One of the closed-end funds that seems to be a recurrent favorite on our watch list is the DoubleLine Opportunistic Credit Fund (DBL), run by Jeffrey Gundlach of DoubleLine Capital.This unique actively managed portfolio was the first of its kind to debut from DoubleLine back in 2012 and has developed a cult following among CEF investors.

DBL primarily invests in a mixed basket of mortgage backed securities, collateralized loan obligations and other asset backed securities. The fund has just over $325 million in total assets with a relatively tame 16% leverage ratio to boost its net exposure.It currently yields over 8% annually and income is paid monthly to shareholders. 

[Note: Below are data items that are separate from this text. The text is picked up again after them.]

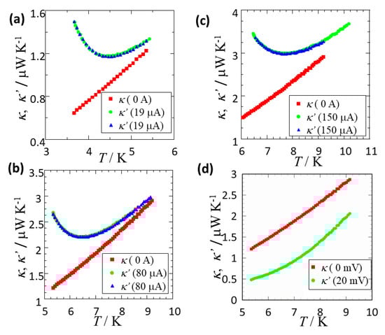 In Figure 3, we show the temperature dependence of the total heat capacity of the sample part, including the contribution of the single crystal sample and those of the addenda, by the red squares. The data plotted by the blue triangles demonstrate the blank heat capacity measured without any sample and grease. The green circles show the contribution of the addenda part, including the contributions of Apiezon N grease, Au coating, and the Ag past, etc. The data shown by green circles were used as the background contribution for deriving the sample heat capacity, Cp(I) and Cp(V). We can consider that the current dependence of the background heat capacity is negligible here. Figure 4 shows typical temperature relaxation curves obtained in steady state with I = 19 μA and V = 20 mV, together with the normal conduction obtained at nearly the same temperatures. Although the relaxation process can be given as single exponential curves, their time constants are different depending on the conditions of the steady states. This difference originates from the difference of the Joule heating that occurs during the relaxation processes. To evaluate this contribution quantitatively, we compared κ and κ’ for several conditions in Figure 5a–d. We show the temperature dependence of κ obtained in the normal condition without any current and voltage by the red squares in Figure 5a–d. κ is mainly determined by the lead wires, which thermally terminate the sample part and the heat sink. Therefore, its temperature dependence can be described by the thermal conductivity of the constantan wires. In fact, those at 6 and 9 K can be calculated as 1.43 and 2.69 μWK−1, respectively, for the case of 12 wires of φ25 μm in diameter and 5 mm in length in the present cell [27]. These values are consistent with the experimental values. Figure 5a–c also displays the experimentally determined κ’ of constant current I = 19, 80, and 150 μA. respectively. Since the κ’ includes the Joule heating contribution as shown in Formula (5), the temperature dependences of the κ’ show large deviation from the κ values, especially in the low-temperature region. We also show the temperature dependence of κ’ calculated using the experimental values of κ and resistivity values for the cases of I = 19, 80, 150 μA by blue curves in Figure 5a–c. We can confirm there is good agreement between the experimental values of κ’ and the calculated ones. This result demonstrates that the analyses based on Formula (5) are reliable to determine Cp(I) with various currents. We also display the temperature dependence of κ’ obtained for the case of heating by applying a constant voltage of V = 20 mV in Figure 5d. Although it is difficult to detect an accurate sample current in this experiment to evaluate resistivity, usage of the measured κ’ for the analysis according to Formula (6) is also available to determine Cp(V).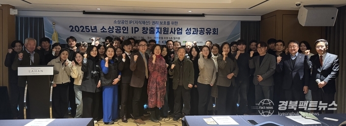 경북팩트뉴스 남유신 기자 | 경북지식재산센터(포항상공회의소·회장 나주영)는 2일 오전 11시 라한호텔 포항에서 도내 소상공인과 하양공설시장·황남상가시장·대해불빛시장 등 전통시장 관계자, 유관기관 관계자 등 40여 명이 참석한 가운데 ‘2025년 소상공인 IP창출지원사업 성과공유회’를 개최했다.
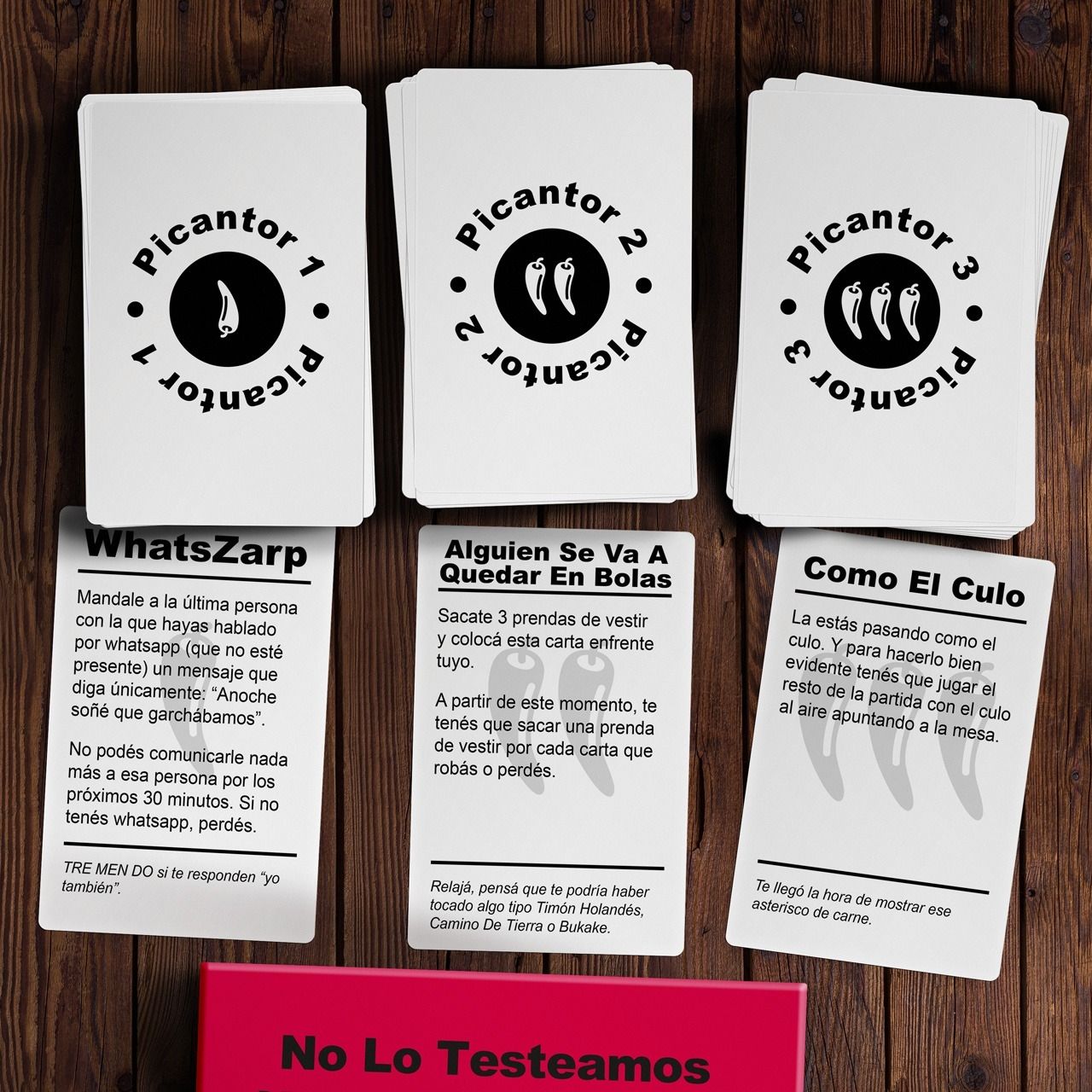 El “No lo testeamos ni un poco” en su versión “Picante” es un juego que, mediante cartas ofrece niveles de “Picantor 1, 2 y 3”. El objetivo es ganar haciendo que los demás pierdan. Las posibilidades son tan numerosas como creativas: desde jugar toda la partida desnudo hasta hacer que todos tengan que hablar gimiendo. Sus creadores afirman: “En una partida todo puede pasar: desde perder por no animarte a mandar un WhastApp que diga 'anoche soñé que garchábamos', hasta ganar porque hace más de 3 meses que no tenés relaciones sexuales”.

We don’t currently own any exposure to DBL for clients of our firm and have been wary of its fundamental analytics for some time now. This stems primarily from the above-average premium over the last 52-weeks in addition to the underperformance of its underlying portfolio relative to the category this year.

(Source: CEFconnect.com)

Although we have seen the premium in DBL recently collapse to some of the narrowest levels in the last nine months, there are other concerning factors that are beginning to crop up on our radar as well. The squeeze in credit spreads, alongside the relatively low interest rate environment, has created an inability of the fund to meet its existing distribution rate.Furthermore, without a firm buffer of undistributed net investment income (UNII), it’s relying on return of capital (ROC) in the short-term to meet its distribution policies.

According to Morningstar, DBL has identified a portion of its dividend as return of capital in the last four consecutive months. All income prior to August had been driven entirely by the bonds in the underlying portfolio. Situations like these are often a precursor to a dividend cut to re-align the income stream with realistic expectations and create a healthier long-term sustainability plan.